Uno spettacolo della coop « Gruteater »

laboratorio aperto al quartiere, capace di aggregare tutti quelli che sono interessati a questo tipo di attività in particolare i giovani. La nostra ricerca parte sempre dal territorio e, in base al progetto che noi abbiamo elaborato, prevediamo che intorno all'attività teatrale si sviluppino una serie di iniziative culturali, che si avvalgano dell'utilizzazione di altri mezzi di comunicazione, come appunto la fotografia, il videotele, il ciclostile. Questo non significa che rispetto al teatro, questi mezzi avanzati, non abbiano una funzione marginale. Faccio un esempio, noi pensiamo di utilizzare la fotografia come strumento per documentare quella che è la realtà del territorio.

——————————

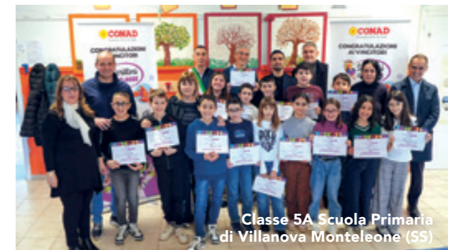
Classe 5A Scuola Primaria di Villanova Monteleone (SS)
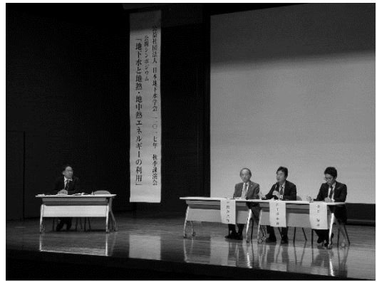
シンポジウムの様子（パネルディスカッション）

——————————

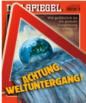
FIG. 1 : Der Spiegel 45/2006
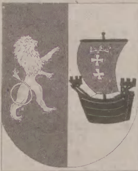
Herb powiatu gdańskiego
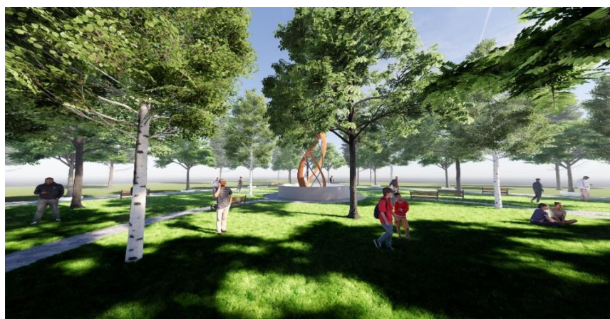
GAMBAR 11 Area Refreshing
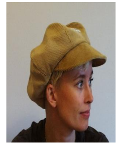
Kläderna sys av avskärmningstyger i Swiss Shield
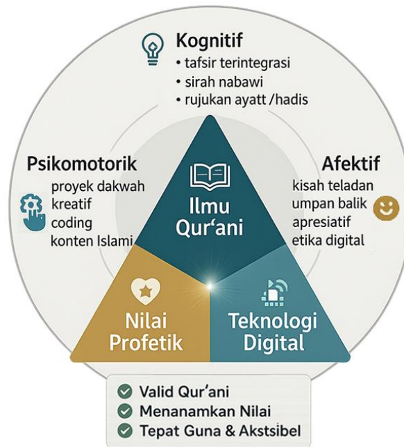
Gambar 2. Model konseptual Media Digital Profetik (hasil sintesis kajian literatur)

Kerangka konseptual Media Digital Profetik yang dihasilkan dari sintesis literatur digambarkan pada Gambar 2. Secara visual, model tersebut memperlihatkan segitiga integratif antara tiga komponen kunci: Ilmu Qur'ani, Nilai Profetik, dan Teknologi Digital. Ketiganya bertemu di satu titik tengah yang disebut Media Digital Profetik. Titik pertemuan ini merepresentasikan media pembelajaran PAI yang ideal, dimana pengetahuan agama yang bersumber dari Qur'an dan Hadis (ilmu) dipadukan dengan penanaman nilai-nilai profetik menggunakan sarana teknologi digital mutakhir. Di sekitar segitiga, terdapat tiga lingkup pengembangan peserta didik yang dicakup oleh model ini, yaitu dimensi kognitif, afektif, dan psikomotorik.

——————————

Try it >> Go through the entries and return each line where the word "Digital" occurs.

Result >>
Gambar 2. Model konseptual Media Digital Profetik (hasil sintesis kajian literatur)
Kerangka konseptual Media Digital Profetik yang dihasilkan dari sintesis literatur digambarkan pada Gambar 2. Secara visual, model tersebut memperlihatkan segitiga integratif antara tiga komponen kunci: Ilmu Qur'ani, Nilai Profetik, dan Teknologi Digital. Ketiganya bertemu di satu titik tengah yang disebut Media Digital Profetik. Titik pertemuan ini merepresentasikan media pembelajaran PAI yang ideal, dimana pengetahuan agama yang bersumber dari Qur'an dan Hadis (ilmu) dipadukan dengan penanaman nilai-nilai profetik menggunakan sarana teknologi digital mutakhir. Di sekitar segitiga, terdapat tiga lingkup pengembangan peserta didik yang dicakup oleh model ini, yaitu dimensi kognitif, afektif, dan psikomotorik.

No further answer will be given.